Work to be completed
Output the data below only from the line containing "The Yocan Kodo" up to and including the line containing "Moderná, elegantná, pohodlná", exact and with the pictures left out.

Entries taken from a collection
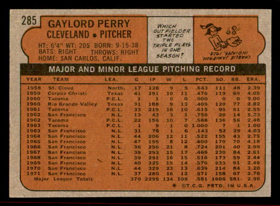 1972 Topps Baseball #285 Gaylord Perry Indians EX-MT 542185
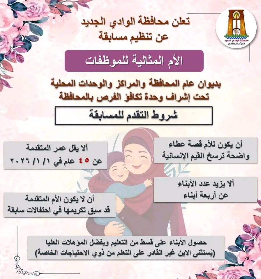 أعلنت محافظة الوادى الجديد عن تنظيم مسابقة الأم المثالية للموظفات بديوان عام المحافظة والمراكز والوحدات المحلية.
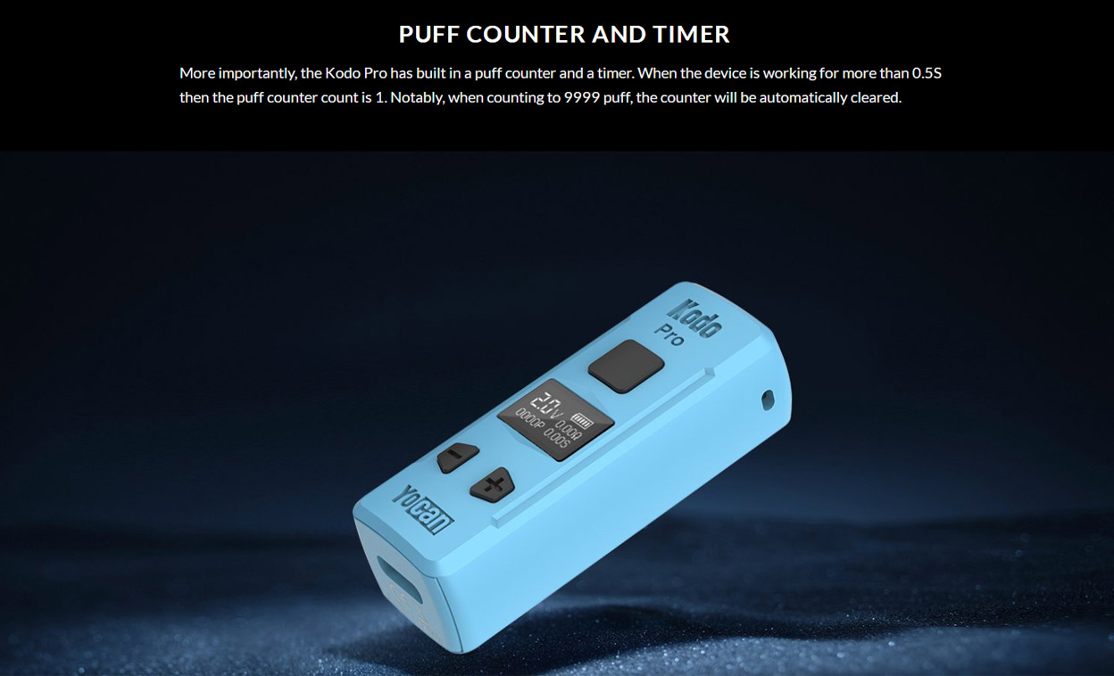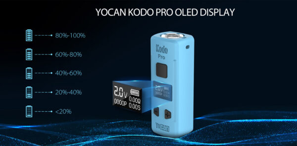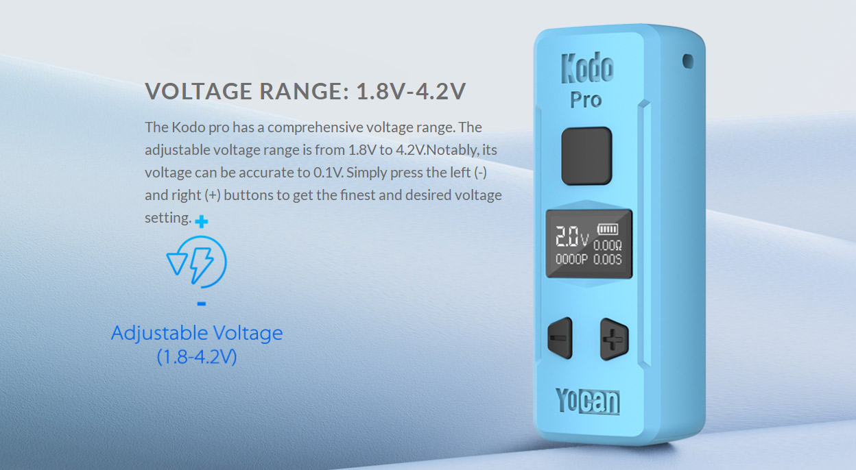 The Yocan Kodo Pro is a such a tiny little device, that we wonder how it packs so much power and functionality. It fits all 510 carts, and has all the features you would expect like preheat and adjustable voltage. The voltage can be increased in 0.1V increments to fine tune your taste. It’s so small but so good.
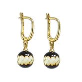 SPARKLING ELEGANCE Two Tone Amber Faceted Round Dangle Earrings 14 Gold Plated
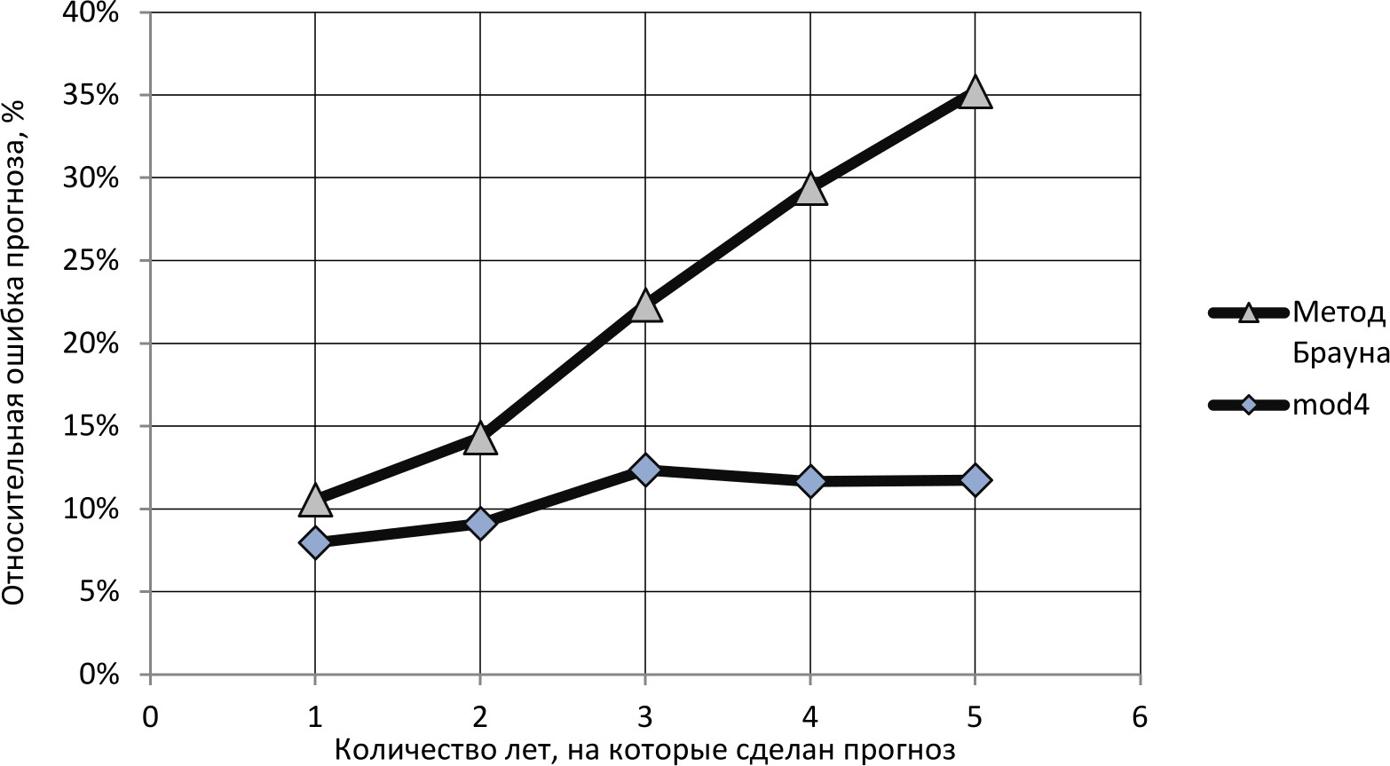 Рис. 2. Значения усредненных погрешностей ретроспективных прогнозов динамики капитальных ресурсов, рассчитанные по модели 3 (формула 4) и методом Брауна
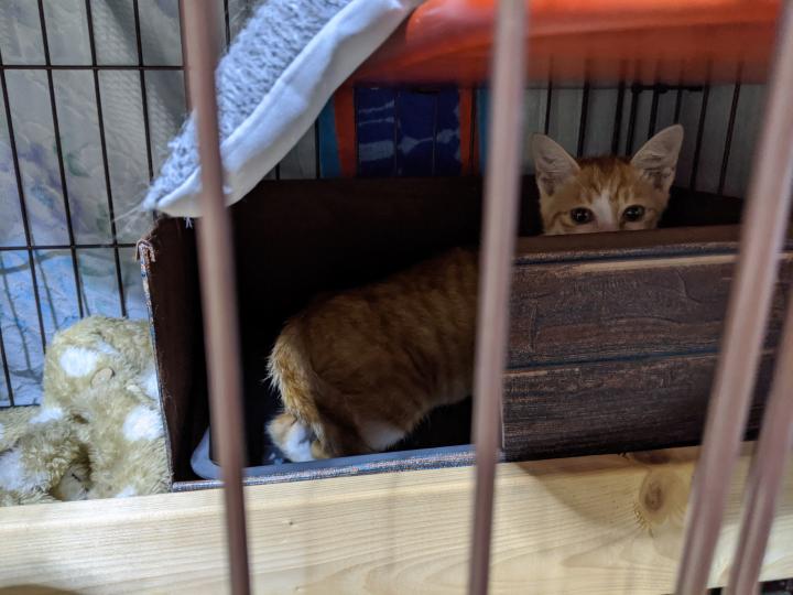 小さな茶白くんは、保護ケージの間を抜け出せるほど、小さい子猫で、兄弟猫でも結構大きさが違いました。(母猫と一匹の子猫の保護は一旦保留になりました)
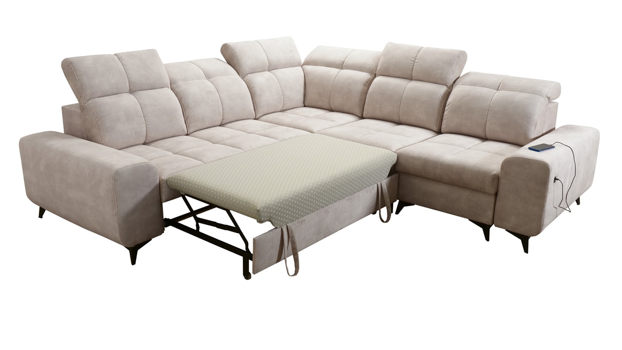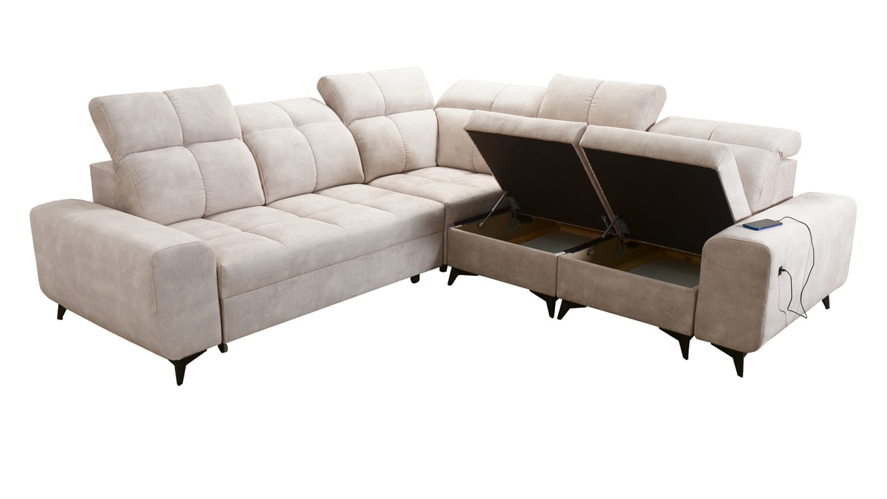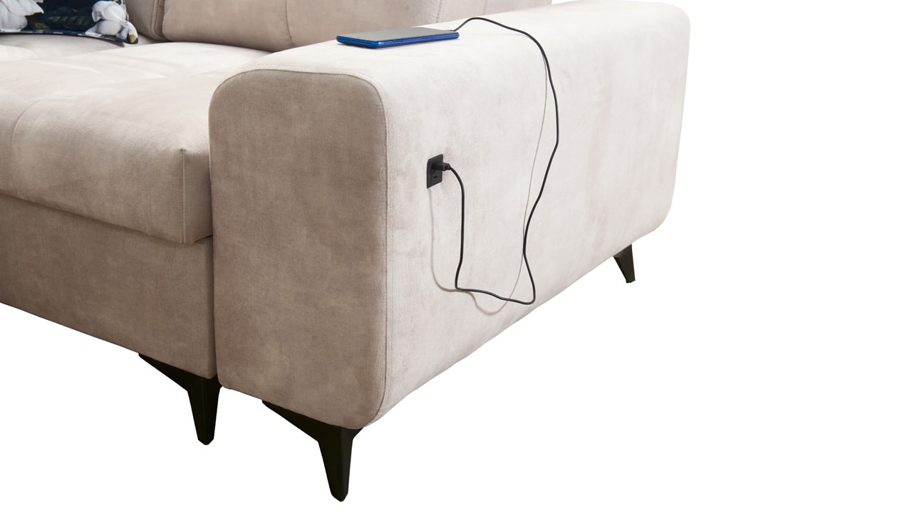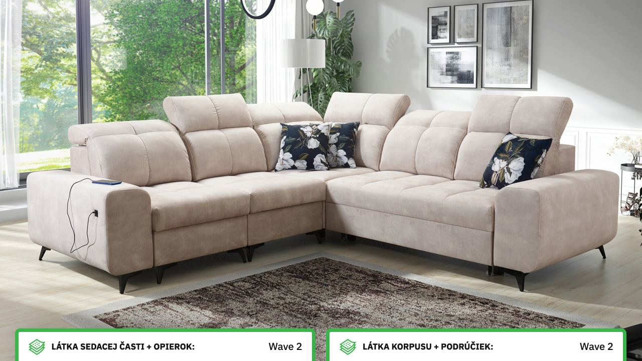 Moderná, elegantná, pohodlná a praktická – rohová sedačka GOLD III má všetko, čo od novej sedačky očakávate. Dá sa rozložiť, má úložný priestor a opierky hlavy si môžete nastaviť podľa vášho pohodlia. Do jedného jej krídla sme navyše ukryli nenápadnú nabíjaciu stanicu na USB port, takže si mobil či tablet môžete nabiť priamo zo sedačky. Stačí si už len vybrať poťahovú látku zo vzorkovníka a my vám sedačku vyrobíme presne podľa vašich predstáv. Sedačku nie je možné vyrobiť v poťahoch Erie, Bristol a Bahama.
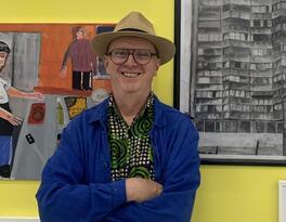 Bob and Roberta Smith OBE RA is actually one man. He used to collaborate with his sister but she retrained to become a group psychiatric specialist. Bob and Roberta Smith use words painted on canvases and made into signs, written in newspapers and sung in songs to say statements about art and free expression that have influenced generation of teachers and students of arts subjects to embrace the idea that the arts are a human right. Bob and Roberta Smith's painting ‘Make Art Not War’ has become a ubiquitous classic image selling alongside Andy Warhol’s Marilyn and Lichtenstein’s ‘Whaam!’ in Museum shops. Bob and Roberta’s painting of surgeon David Nott’s interview with BBC journalist Eddie Mair was recently included in the collection of the National Gallery of Wales.

Written response
 The Yocan Kodo Pro is a such a tiny little device, that we wonder how it packs so much power and functionality. It fits all 510 carts, and has all the features you would expect like preheat and adjustable voltage. The voltage can be increased in 0.1V increments to fine tune your taste. It’s so small but so good.
 SPARKLING ELEGANCE Two Tone Amber Faceted Round Dangle Earrings 14 Gold Plated
 Рис. 2. Значения усредненных погрешностей ретроспективных прогнозов динамики капитальных ресурсов, рассчитанные по модели 3 (формула 4) и методом Брауна
 小さな茶白くんは、保護ケージの間を抜け出せるほど、小さい子猫で、兄弟猫でも結構大きさが違いました。(母猫と一匹の子猫の保護は一旦保留になりました)
 Moderná, elegantná, pohodlná a praktická – rohová sedačka GOLD III má všetko, čo od novej sedačky očakávate. Dá sa rozložiť, má úložný priestor a opierky hlavy si môžete nastaviť podľa vášho pohodlia. Do jedného jej krídla sme navyše ukryli nenápadnú nabíjaciu stanicu na USB port, takže si mobil či tablet môžete nabiť priamo zo sedačky. Stačí si už len vybrať poťahovú látku zo vzorkovníka a my vám sedačku vyrobíme presne podľa vašich predstáv. Sedačku nie je možné vyrobiť v poťahoch Erie, Bristol a Bahama.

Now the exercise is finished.